Return every line of the records, exact and in full, until you have returned the line with "Placas para perros", and include none of the pictures.
+ + + + + + +
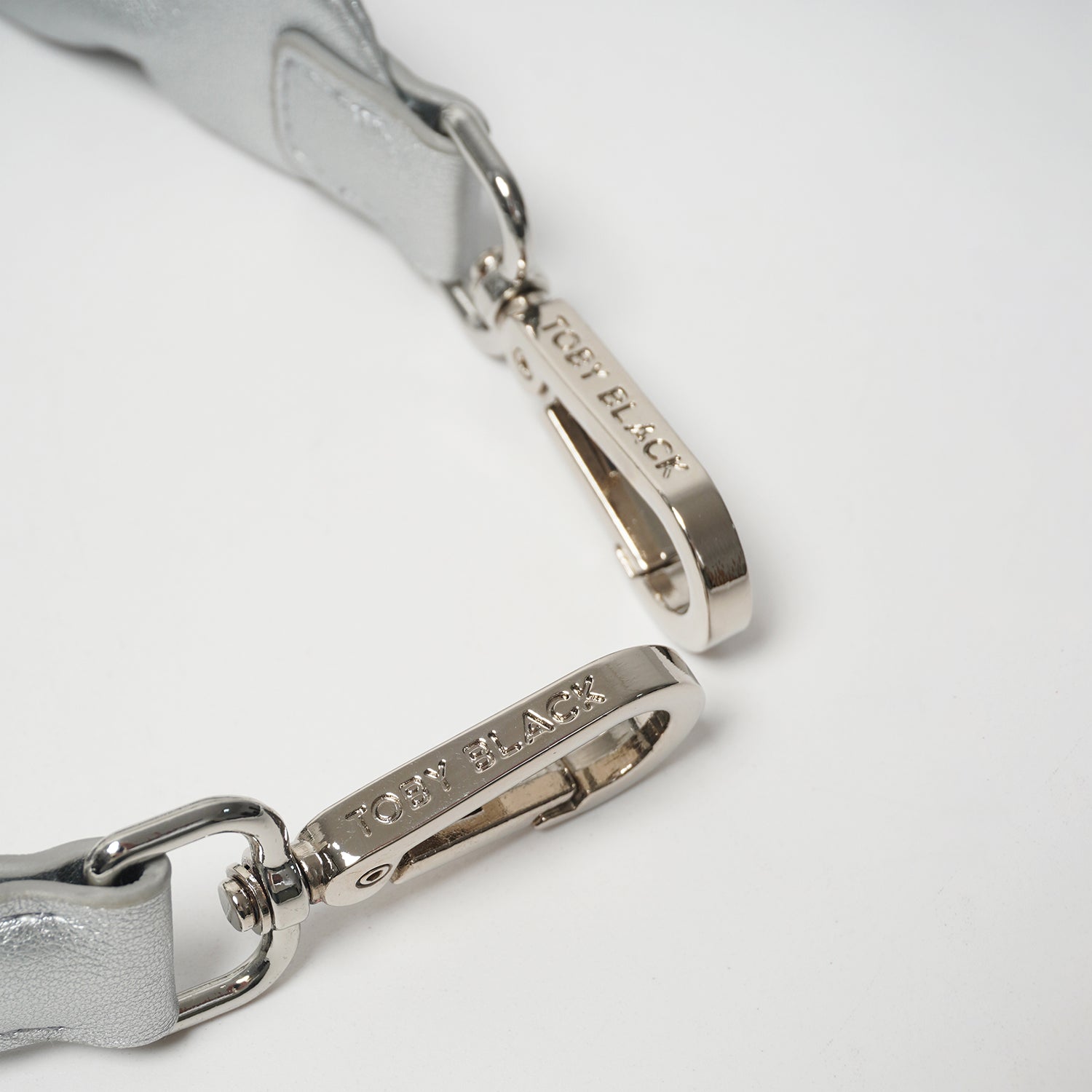 Silver engraved Toby Black metal clasps on silver leather strap close-up
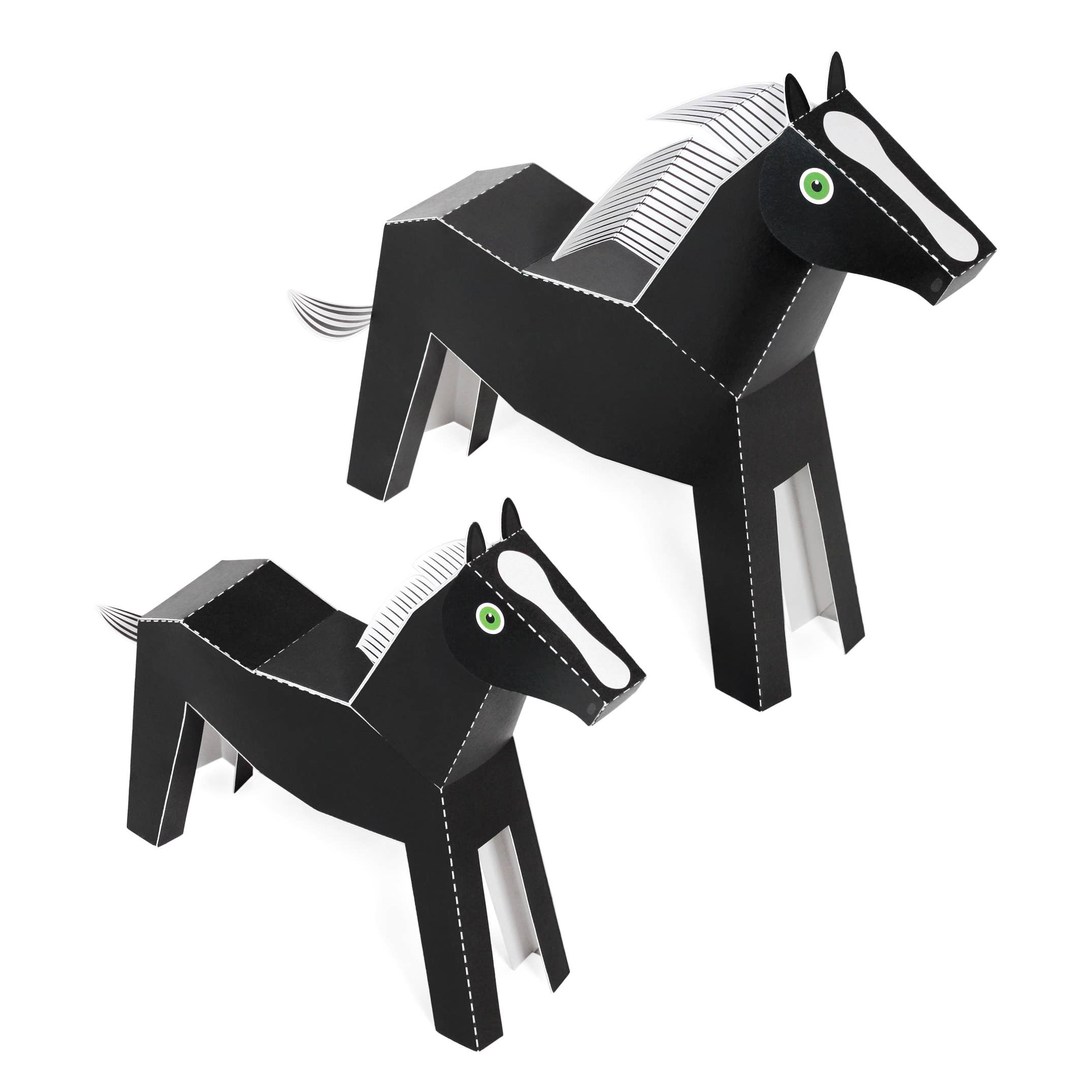 Med Horses Paper Toys-sættet kan du samle 3 heste – 1 brun hest, 1 hvid hest og 1 broget hest. Disse papirsting er meget specielle. Du kan bevæge deres hoveder. Lavet af høj kvalitet 100% genbrugspapir, der er let at klippe og solidt til opgaven. Indeholder 10 sider til at klippe, folde, lime og lege. Alt hvad du behøver er saks og lim. Instruktioner inkluderet. NIVEAU 3 af 5 6+ Samlet størrelse Brun hest – 22 x 4,5 x 20 cm | 8,7 x 1,8 x 7,9 tommer Hvid hest – 21 x 4,2 x 19 cm | 8,3 x 1,6 x 7,5 tommer Broget hest – 8 x 3,6 x 16 cm | 7,1 x 1,4 x 6,3 tommer
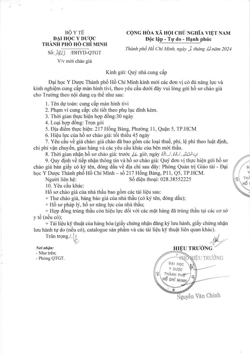 Thời gian nhận hồ sơ chào giá: từ ngày ra thông đến trước 16 giờ 00 ngày 12/12/2024
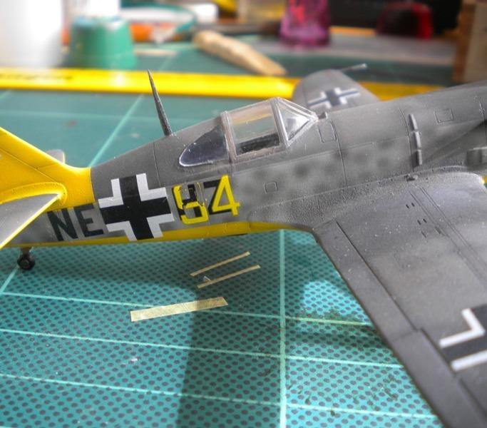 Beim Ankleben des Propellers hatte ich wohl noch ein wenig Sekundenkleber am Daumen und das ist das Ergebnis: ein abgeblättertes Abziehbild,; hier die "gelbe Neun":
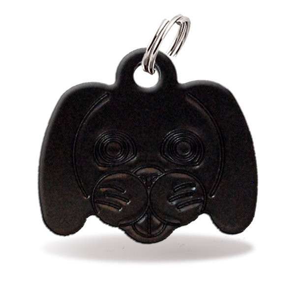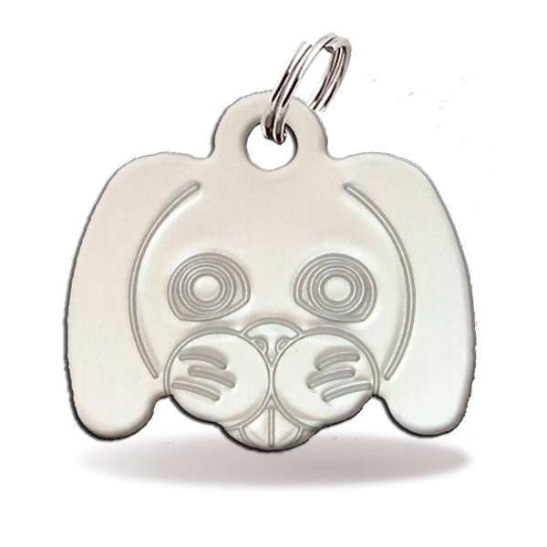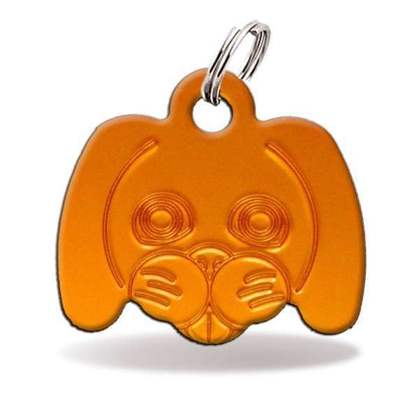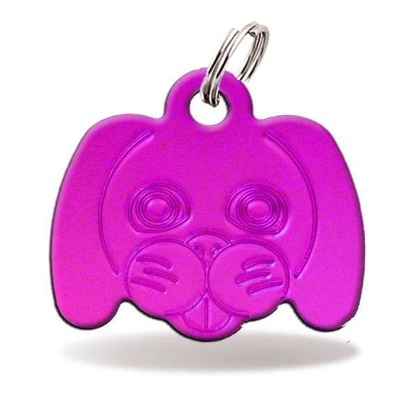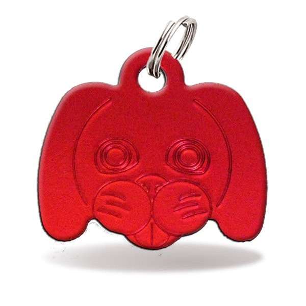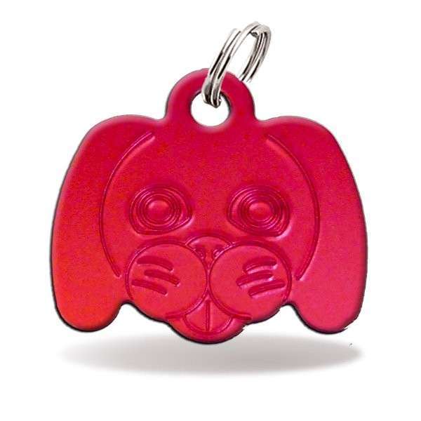 Placas para perros con nombre en aluminio anodizado y diseño de carita de perro. Estas placas son ideales para quien quiere una placa económica, ligera y funcional.
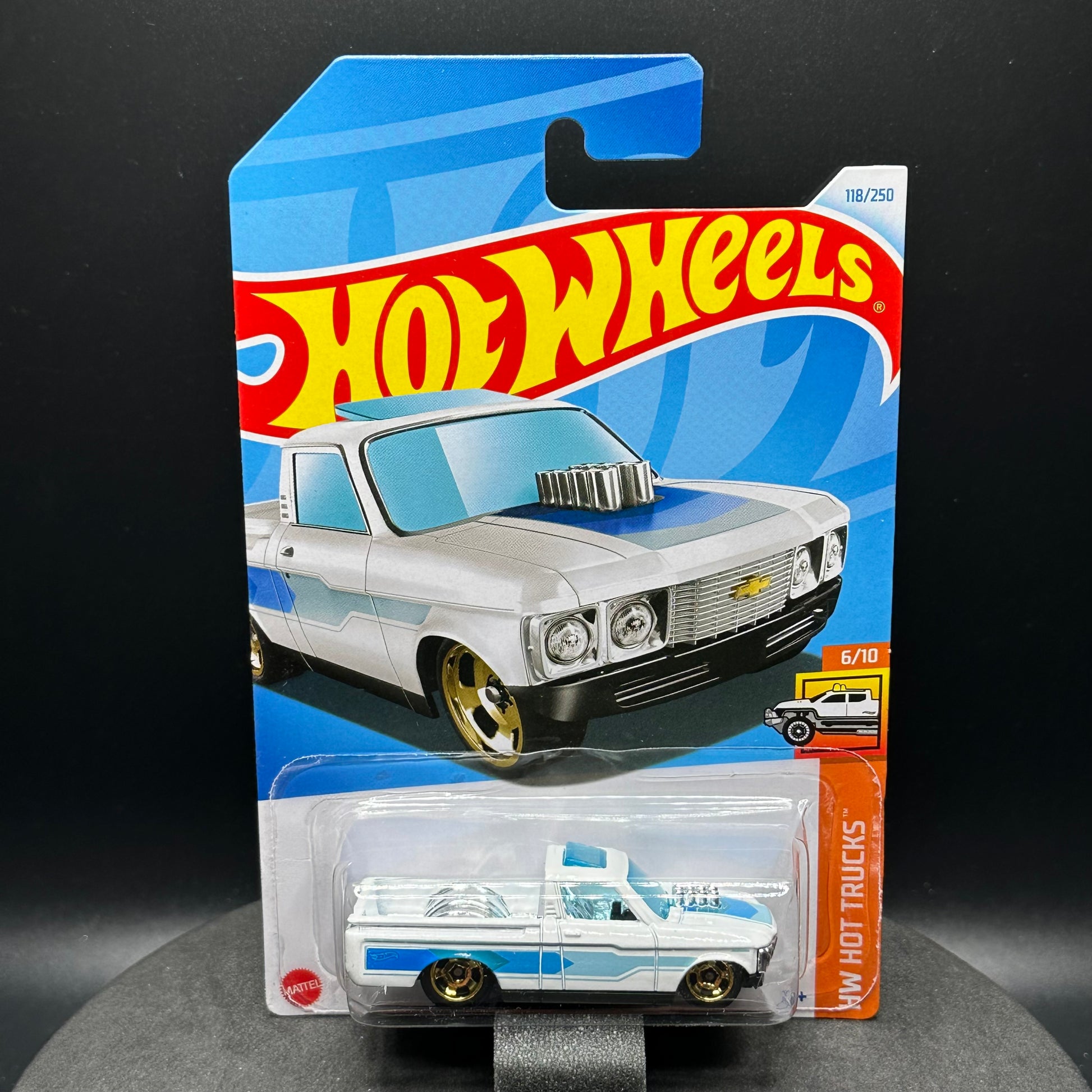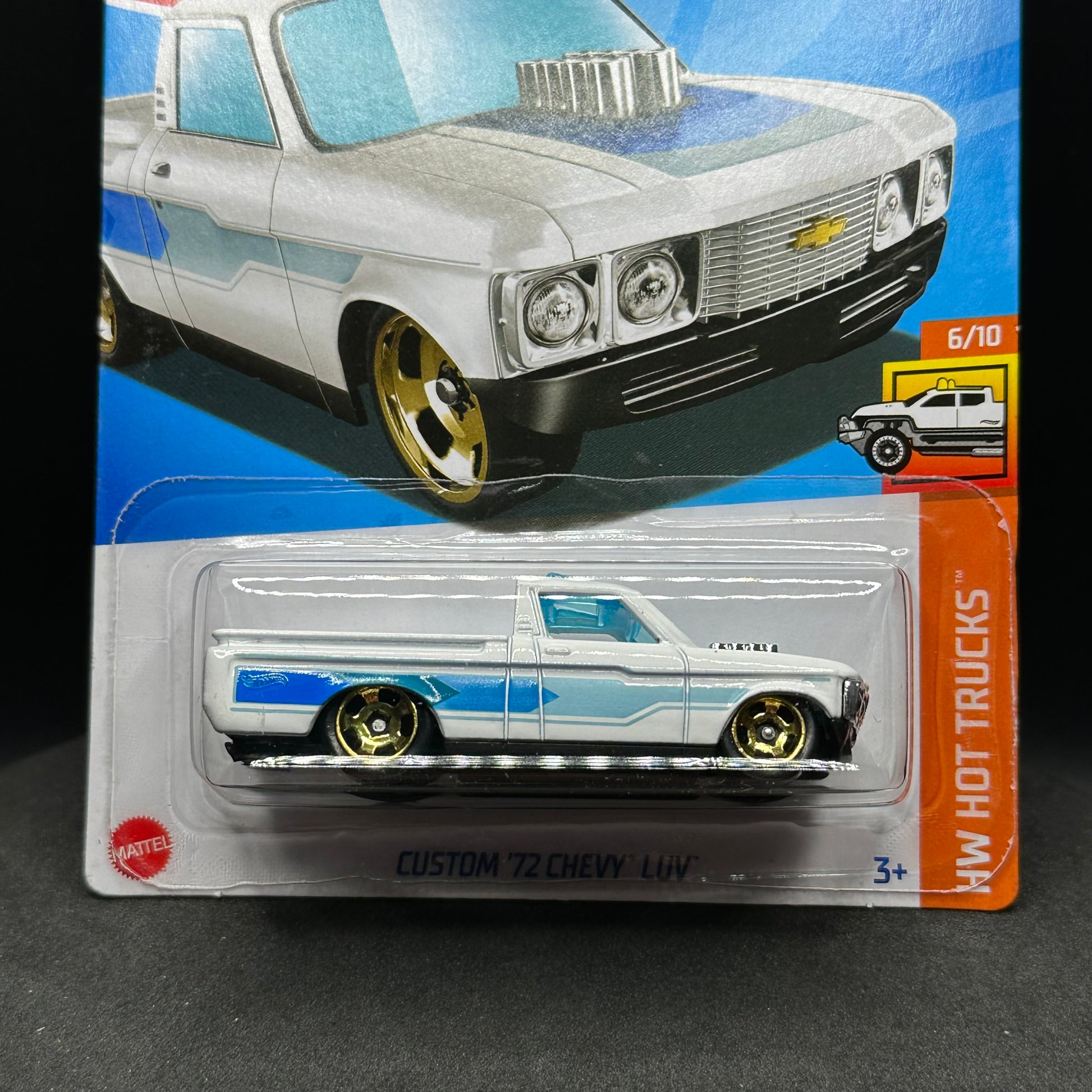 Hot Wheels Custom ‘72 Chevy Luv in white. There are multiple available and you might not get the exact one in the picture. They are all in good condition but may have slightly soft corners or lightly dented edges. All Hot Wheels will be individually wrapped in bubble wrap and shipped in a box for added protection.
+ + + + + + +
> _Written solution_:
 Silver engraved Toby Black metal clasps on silver leather strap close-up
 Med Horses Paper Toys-sættet kan du samle 3 heste – 1 brun hest, 1 hvid hest og 1 broget hest. Disse papirsting er meget specielle. Du kan bevæge deres hoveder. Lavet af høj kvalitet 100% genbrugspapir, der er let at klippe og solidt til opgaven. Indeholder 10 sider til at klippe, folde, lime og lege. Alt hvad du behøver er saks og lim. Instruktioner inkluderet. NIVEAU 3 af 5 6+ Samlet størrelse Brun hest – 22 x 4,5 x 20 cm | 8,7 x 1,8 x 7,9 tommer Hvid hest – 21 x 4,2 x 19 cm | 8,3 x 1,6 x 7,5 tommer Broget hest – 8 x 3,6 x 16 cm | 7,1 x 1,4 x 6,3 tommer
 Thời gian nhận hồ sơ chào giá: từ ngày ra thông đến trước 16 giờ 00 ngày 12/12/2024
 Beim Ankleben des Propellers hatte ich wohl noch ein wenig Sekundenkleber am Daumen und das ist das Ergebnis: ein abgeblättertes Abziehbild,; hier die "gelbe Neun":
 Placas para perros con nombre en aluminio anodizado y diseño de carita de perro. Estas placas son ideales para quien quiere una placa económica, ligera y funcional.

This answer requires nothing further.